I’d like to use nvidia-driver-510
but when I tried it the computer is more glitchy / less responsive. Netflix especially stutters a ton. It works perfectly fine with 470 though. Hopefully this can be fixed? Why would this be the case?
- CUDA
So I have a fancy graphics card and no games to play with it. Since I dabble in machine learning, I figured I could start by installing CUDA and then getting PyTorch or Tensorflow or whatever on the computer afterwards. I tried the basic hello.cu
program which can be found here and after compiling it I get the following output:
cesar@themonolith:~$ ./hello
Max error: 2.000000
Yes, 2. It’s supposed to be zero. I believe at some point when messing with and installing/uninstalling different versions of drivers, I also got 1.000000
and even 0.000000
. Wtf? This might actually be the biggest issue once I try to do machine learning stuff again. Anyone have any ideas what is happening here?
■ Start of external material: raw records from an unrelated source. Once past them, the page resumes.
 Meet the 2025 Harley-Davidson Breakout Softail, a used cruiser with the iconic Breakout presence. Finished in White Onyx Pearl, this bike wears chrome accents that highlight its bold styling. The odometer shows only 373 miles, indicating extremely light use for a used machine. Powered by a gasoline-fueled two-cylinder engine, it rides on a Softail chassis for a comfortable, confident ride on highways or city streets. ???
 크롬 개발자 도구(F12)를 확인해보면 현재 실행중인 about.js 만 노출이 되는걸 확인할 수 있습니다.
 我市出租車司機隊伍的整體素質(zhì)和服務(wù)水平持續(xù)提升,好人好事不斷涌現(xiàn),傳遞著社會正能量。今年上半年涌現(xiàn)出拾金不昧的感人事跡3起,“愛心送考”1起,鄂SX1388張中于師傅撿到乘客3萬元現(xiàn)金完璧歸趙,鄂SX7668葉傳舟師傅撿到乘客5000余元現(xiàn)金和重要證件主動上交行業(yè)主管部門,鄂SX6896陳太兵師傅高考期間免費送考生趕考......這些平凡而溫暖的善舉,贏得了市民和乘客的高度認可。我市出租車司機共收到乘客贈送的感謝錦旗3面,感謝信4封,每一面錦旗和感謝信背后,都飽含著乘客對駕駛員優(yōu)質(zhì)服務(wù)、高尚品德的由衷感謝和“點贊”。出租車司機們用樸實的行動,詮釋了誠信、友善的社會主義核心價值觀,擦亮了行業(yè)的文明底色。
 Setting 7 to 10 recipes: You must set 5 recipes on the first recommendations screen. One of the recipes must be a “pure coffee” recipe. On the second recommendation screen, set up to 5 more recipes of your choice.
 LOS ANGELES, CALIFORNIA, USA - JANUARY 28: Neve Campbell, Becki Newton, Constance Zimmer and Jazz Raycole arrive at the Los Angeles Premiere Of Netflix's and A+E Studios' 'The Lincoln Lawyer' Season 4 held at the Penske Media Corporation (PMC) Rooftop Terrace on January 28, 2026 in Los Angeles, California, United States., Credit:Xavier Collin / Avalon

My plan when I try this again will be to just uninstall and reinstall everything NVIDIA-related and see if that does it.
I’d love to help fix these bugs but the process of developing Linux for right now is very daunting to me. I wonder if I could figure it out.
Awesomeness
Using this computer is a dream. Mainly, I just like how fast and responsive it is. I don’t think I’ve ever seen it stutter in doing anything yet, and I also feel very empowered to eventually replace the processor if that ever becomes a bottleneck. I do wonder if I should have gotten an i7 or i9 but this one just hums along perfectly fine.
I tried some benchmarks (mostly Scrabble-related). I have a Scrabble endgame on which I used my Macondo engine, which takes about two hours on an older Macbook Pro with 16 GB of RAM. On my MBP (which only has 8 GB) I just eventually killed the process, and on my old iMac the program would just consistently crash after 30 or so minutes. Admittedly, this particular endgame is largely RAM-limited, but it also requires a fast processor – on this computer it only takes 7 minutes.
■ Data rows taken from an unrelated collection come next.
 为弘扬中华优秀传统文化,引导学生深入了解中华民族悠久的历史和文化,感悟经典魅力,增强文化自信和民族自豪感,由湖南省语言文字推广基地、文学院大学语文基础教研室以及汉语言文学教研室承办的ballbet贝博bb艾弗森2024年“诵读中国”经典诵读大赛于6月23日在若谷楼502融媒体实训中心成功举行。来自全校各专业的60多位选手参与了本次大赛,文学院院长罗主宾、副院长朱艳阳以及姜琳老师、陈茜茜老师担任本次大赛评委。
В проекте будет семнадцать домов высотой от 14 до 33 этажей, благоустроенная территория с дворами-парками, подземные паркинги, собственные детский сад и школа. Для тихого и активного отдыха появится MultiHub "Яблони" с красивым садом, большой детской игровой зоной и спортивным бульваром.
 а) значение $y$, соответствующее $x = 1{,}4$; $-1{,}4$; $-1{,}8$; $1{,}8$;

Doing a Monte Carlo simulation of a mid-game position uses all 16 cores (for some reason Ubuntu thinks I have 16 instead of 10 cores, I think it’s counting threads but I’m not going to fight it), and it’s very very fast. I can do many hundreds of iterations per second for most positions.
Interestingly enough, the single-core performance is actually slightly worse than that of the M1 chip on my Macbook Pro. I sort of expected that because the M1 chip really is a masterpiece of design. If there was a way I could have put that in this computer, I probably would have. I bet the $4K Mac Studio actually performs better on these benchmarks (but it’s twice the cost). But with 10 or 16 or whatever cores I’m ok with it.
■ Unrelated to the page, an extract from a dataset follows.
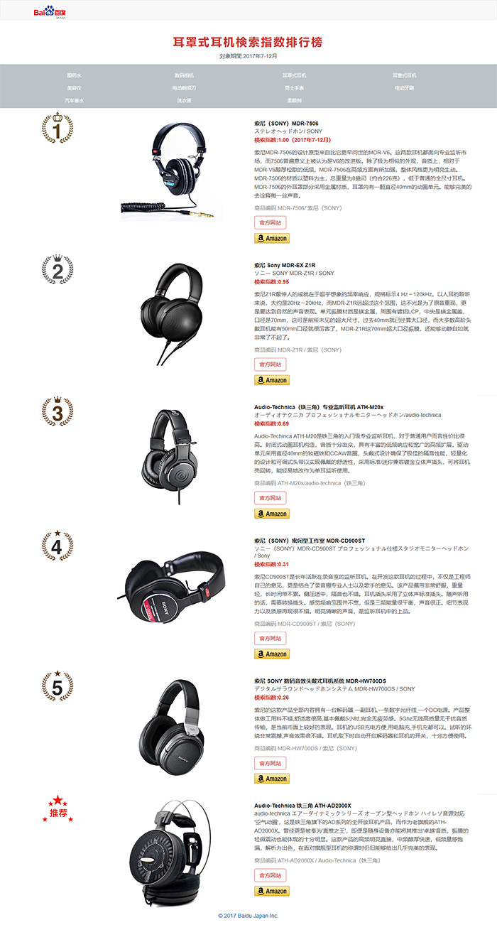 日本旅游购物—百度检索排行榜 2017年下半期(7-12月份)

Proof of my assertion, by contradiction
I said I could prove that 2022 is the year of the Linux desktop, and this proof will mainly have to be done by contradiction. It can’t be the year of the Windows desktop, because I can’t even get the damn operating system running on this computer, and I tried for hours. And I can’t find a Mac Studio to save my life for at least two months, and I bet even the top model’s Docker performance wouldn’t be as good as what I can get on this system (but that’s an unfair benchmark since Docker basically runs at native speed on Linux).